Head and neck squamous cell carcinoma (HNSCC) represents the seventh most prevalent malignancy worldwide, with an estimated annual incidence of 890,000 new cases, constituting 4.5% of global cancer diagnoses, and accounting for 450,000 deaths, which corresponds to 4.6% of total cancer-related mortality1. This neoplasm exhibits a predilection for elderly male populations. Nasal cavity squamous cell carcinoma (NCSCC), a relatively uncommon subtype within the head and neck region, demonstrates an incidence rate of approximately 0.148 cases per 100,000 individuals2. Established etiological factors for NCSCC include tobacco smoking and human papillomavirus (HPV) infection, as evidenced by multiple studies3,4. The limited epidemiological data on nasal cavity malignancies, compounded by the historical classification of nasal cavity and sinonasal cancers as a unified entity5,6,7,8 has resulted in a paucity of large-scale studies specifically examining survival outcomes in NCSCC. Malignancies of the nasal cavity demonstrate considerable histological diversity compared to other head and neck subsites. Nasal cavity malignancies encompass a diverse spectrum of histopathological subtypes, including but not limited to melanoma, adenocarcinoma, salivary gland-type carcinomas, olfactory neuroblastoma, and sinonasal undifferentiated carcinoma. However, epidemiological evidence consistently demonstrates that squamous cell carcinoma (SCC) represents the predominant histological variant, accounting for the majority of cases3. The distinct pathological subtypes exhibit significant variations in epidemiological prevalence, therapeutic approaches, and prognostic trajectories. By restricting analytical investigations to a specific pathological subtype, researchers can effectively minimize confounding variables, thereby enhancing the precision of study outcomes and improving their clinical applicability.
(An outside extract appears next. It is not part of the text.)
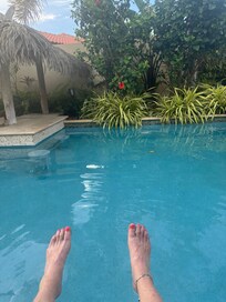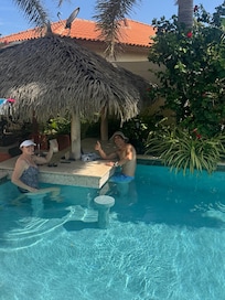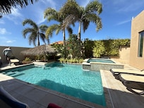 Step into your own personal paradise beginning with the 18 foot soaring great room and a dining table that seats 10. Glass doors open into your own personal paradise. Her pool glitters day and night under the Aruban sun and LED color light shows. She’s surrounded by tropical plants including a hydroponic garden wall and amazing sunsets. Jetted jacuzzi is attached to the pool. Jacuzzi is NOT heated.

As SCC represents the predominant histological subtype among nasal cavity malignancies, accounting for the majority of cases9 this study aims to analyze cancer-specific survival (CSS) and prognostic factors in NCSCC patients using survival data from the SEER database. A predictive model will be developed to visualize clinical data, providing actionable insights for clinical decision-making.

Methods

Clinical data

In this study, data on NCSCC patients were downloaded using SEER Stat 8.4.5 software from the database “Incidence - SEER Research Data, 17 Registries, Nov 2023 Sub (2000–2021) - Linked To County Attributes - Time Dependent (1990–2022) Income/Rurality, 1969–2022 Counties, National Cancer Institute, DCCPS, Surveillance Research Program, released April 2024, based on the November 2023 submission.” The specific workflow is illustrated in Fig. 1.

Fig. 1
figure 1

Patient Selection Flowchart. Abbreviations: SEER, surveillance, epidemiology, and end results program; NCSCC, nasal cavity squamous cell carcinoma.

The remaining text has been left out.